I agree. That’s not what Exception’s are for, though.

[quote]He is quite right though that almost all exception handling in Java that I see today is either


try {
blah();
} catch (Exception e) {
e.printStackTrace(System.err);
}

or just gets declared to throw Exception. The more you look at it the more you realise that it isn’t helping early failure at all.
[/quote]
You completely missed my point cas. It’s not the exception block that helps early failure detection. Its that FAILING to write one is caught by the compiler.

Thats your early detection. In order to pass compile you have to at least recognize that the exception condition can exist and do something about it

It prevents oversights and encourages defensive programming which IMO is a very very good thing.

Well, the trouble is, it doesn’t do anything of the sort, because code is littered with


try { blah(); } catch (Exception e) {}

right the way down into the JDK. It makes the compiler shut up and hides the exception, which is probably not what the language designers intended. If on the other hand there was no requirement to actually catch exceptions, then they’d be propagated right up the call stack and eventually trip up the thread, and get printed out and noticed.

Cas :slight_smile:

So, then you’re saying that every exception should be derived from RuntimeException then?

I think there are some times when its really good to use checked exceptions tho. Component interfaces generally seem to be a good bet. The flexibility is nice to have, but I guess you’re coming from a “if everyone had to do it this way then it’d never be misused” perspective.

Power => Responsibility, always a trade I suppose.

Kev

I’m all for simplicity. That’s why, for example, I like delegates. I was greatly saddened that they were deliberately shunned by Sun because M$ “invented” them. I suspect legal and political machinations may have ultimately decided that one for us though, as it was a key factor in the “polluting Java” trick M$ tried to pull off.

In the end, forcing programmers to catch exceptions but then not enforcing any action when they are caught is basically as safe as handing kids matches and a can of petrol.

No wonder the “design by contract” lobby are so vociferous, as DBC promises to actually manage the interfaces between components properly, rather than allowing all these little kludges to slip through the cracks.

Cas :slight_smile:

Cas, I’m really enjoying reading your posts of recent weeks. The imagery is briiliant :slight_smile:

Trying to be pragmatic about this, I think there is still a trade off. Checked exceptions are a useful tool, should you deny it from all programmers because some programmers arn’t bright enough to use them properly.

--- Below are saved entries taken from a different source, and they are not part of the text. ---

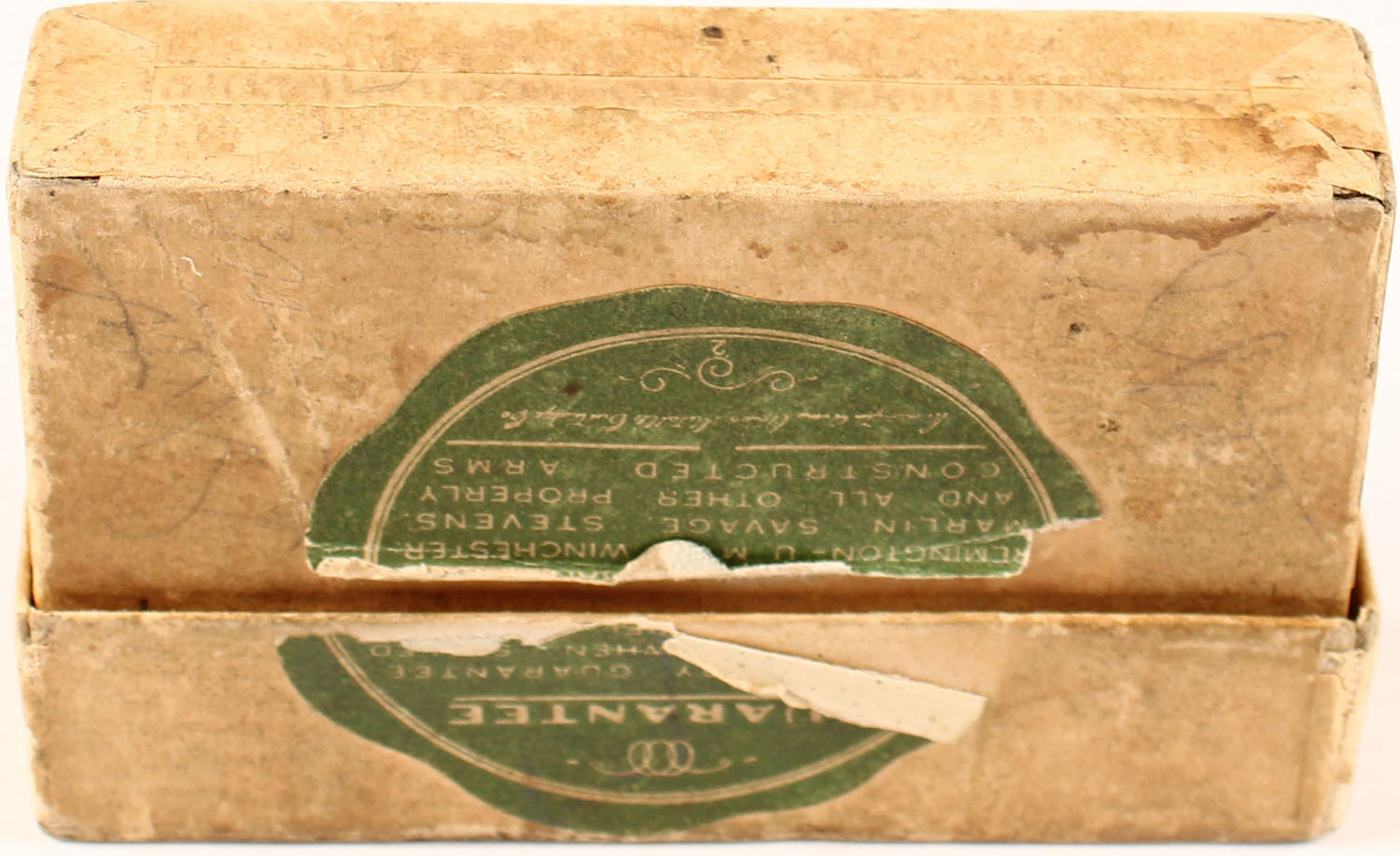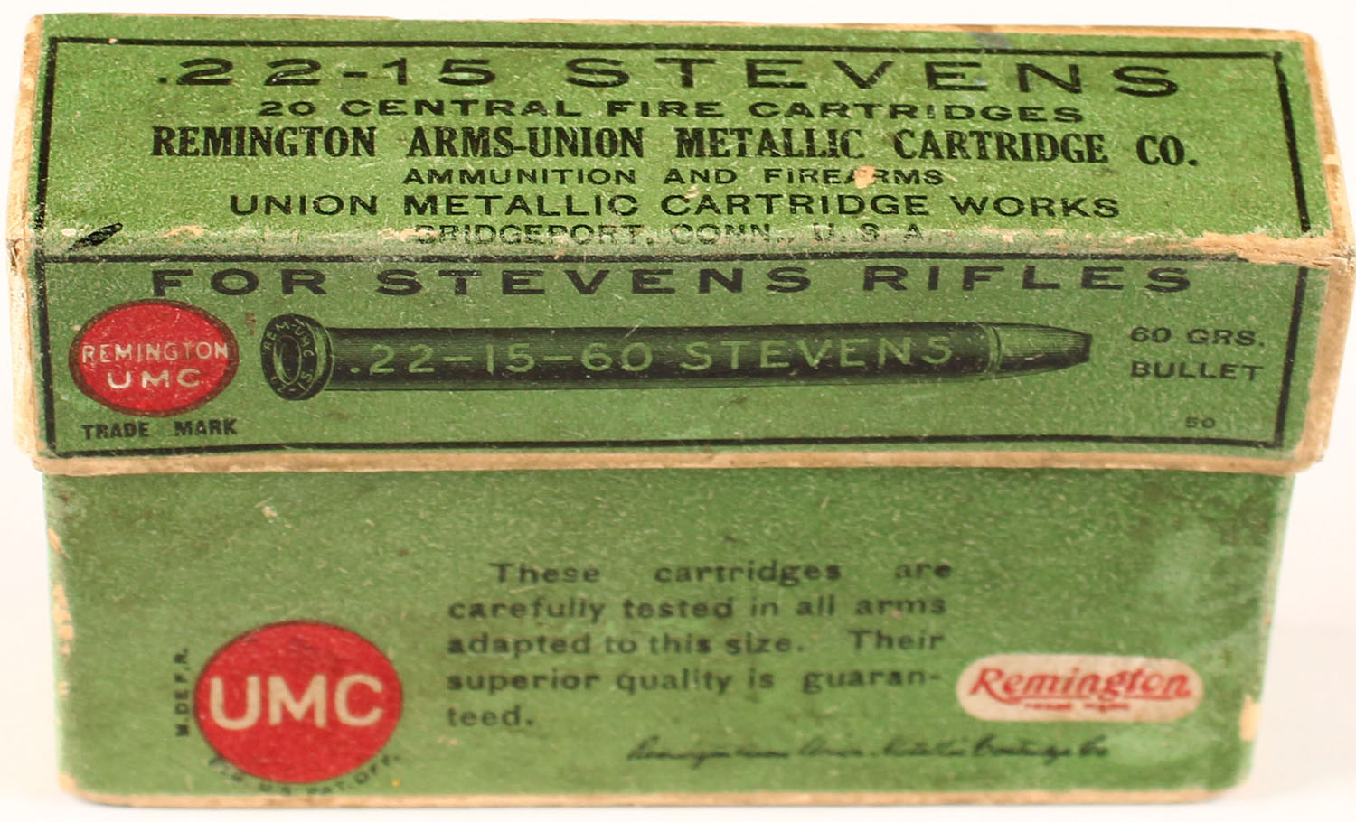 REM-UMC, .22-15 Stevens, Black Powder, 60 Grs. Bullet, Partial 7rds. 2pc. Buff box with green labels, box is solid with excellent color, minor age soiling, very minor edge & corner wear, labels are intact, ammo is excellent. Grade: Excellent + - Value: 20 to 60
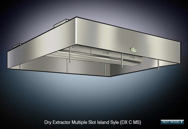 Island style high velocity multi-slot dry extractor ventilator with integrated make-up air. For all types of cooking equipment in a back-to-back appliance configuration
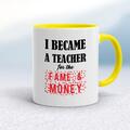 I Became A Teacher Mug A novelty mug with "I Became A Teacher for the Fame & Money" printed on both sides. Simple and straight to the point this novelty mug is great as a gift for any occasion. ...
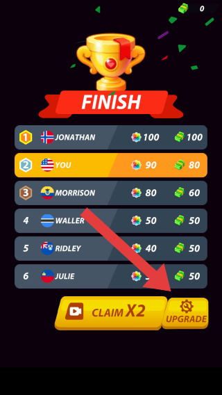 3、顯示本場比賽已結(jié)束,玩家排名在第二位,獲得錢幣獎勵(lì)+80,可點(diǎn)擊UPGRADE進(jìn)行下一場比賽。
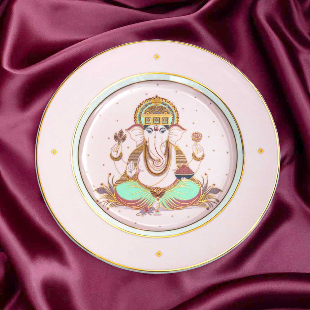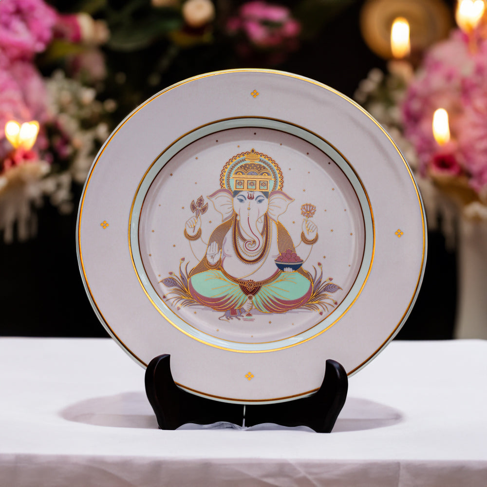 Lord Ganesha, revered as the remover of obstacles and the harbinger of auspicious beginnings, is worshipped before every new venture. The word Swayambhu means “self-originated,” signifying the divine presence that exists naturally and eternally. This plate, adorned with 24-carat gold detailing and crafted in soft pastel hues, embodies that serene grace. Placed on its elegant stand, — it is a symbol of peace, prosperity, and new beginnings, today and forever.

I guess its more a question of do we ban petrol altogether because children might hurt themselfs. Maybe its a good idea, but its a long ole’ walk to work.

Kev

[quote]And a few years ago I remember asking for the “override” keyword in the Java language. What a shame that they got it first :slight_smile:
[/quote]
Tiger adds an @override annotation that causes the compiler to issue a warning if the method does not actually override something.

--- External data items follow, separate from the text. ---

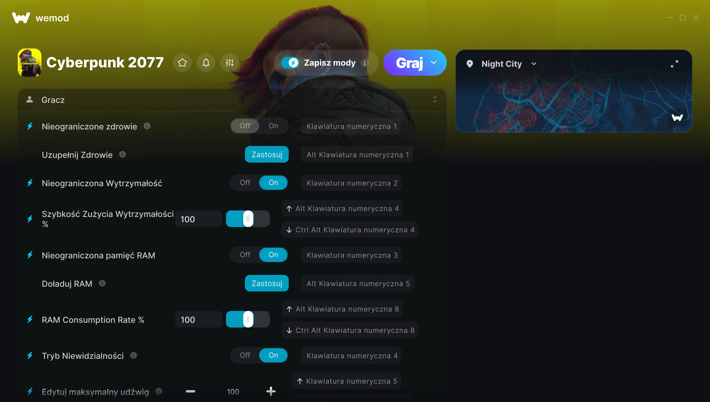 The cyberpunk 2077 cheats still works perfectly, but however the in-game win-g option still needs some work. I tried to use it from in-game option, and it does not activate the cheats at all. Even when it says it is on, it really is not working. Needs fix. Overall. Thank you for making WeMod. It is the best.
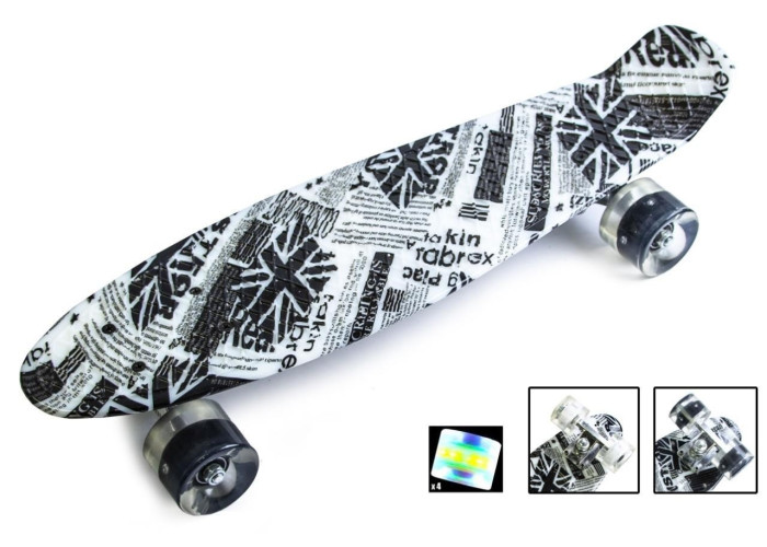 Ультра-модний Penny Board "Street Newspaper" з колесами, що світяться - кращий вибір для стильної і сучасної молоді. Верх деки забезпечує відмінне зчеплення з ногою, а дека шириною 15 см відмінно підійде для новачків. Підшипник ABEC-7 Chrome і поліуретанові колеса забезпечать безшумне пересування.
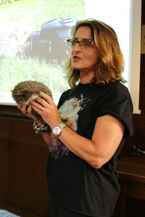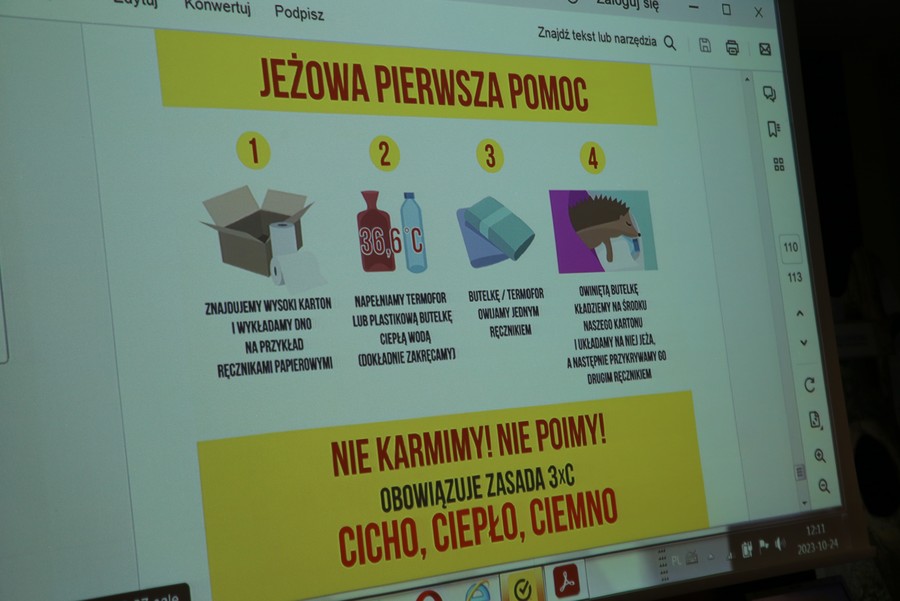 Wolontariusze ośrodka rehabilitacji podzielili się autentycznymi losami jeży, które do nich trafiają, poranione, po wypadkach czy z infekcjami. Nauczyli nas też jak udzielać w takich przypadkach pierwszej pomocy i jakich błędów nie popełniać (fot.1). Wskazali błędy i sytuacje często nieświadomie popełniane przez człowieka zagrażające bezpieczeństwu i życiu jeży, np. koszenie trawy podkaszarką bez uprzedniego sprawdzenia zakrzaczeń, wysypywanie ogólnodostępnych środków chemicznych na ślimaki, szczury, itp. czy też przenoszenie dorosłych jeży do lasu lub parku bez uprzedniego sprawdzenia czy są w pobliżu młode jeże.

The performance aspect of his argument seems to be invalid given that JITs like HotSpot will recognise methods which are not actually overridden anywhere and thus don’t need virtual dispatch.

I prefer the Java way of using ‘final’ when you don’t want a function to be ‘virtual’ as opposed to it working the other way around.

Too many times I hit a brick wall because some short-sighted genius made a C++ method non-virtual or private.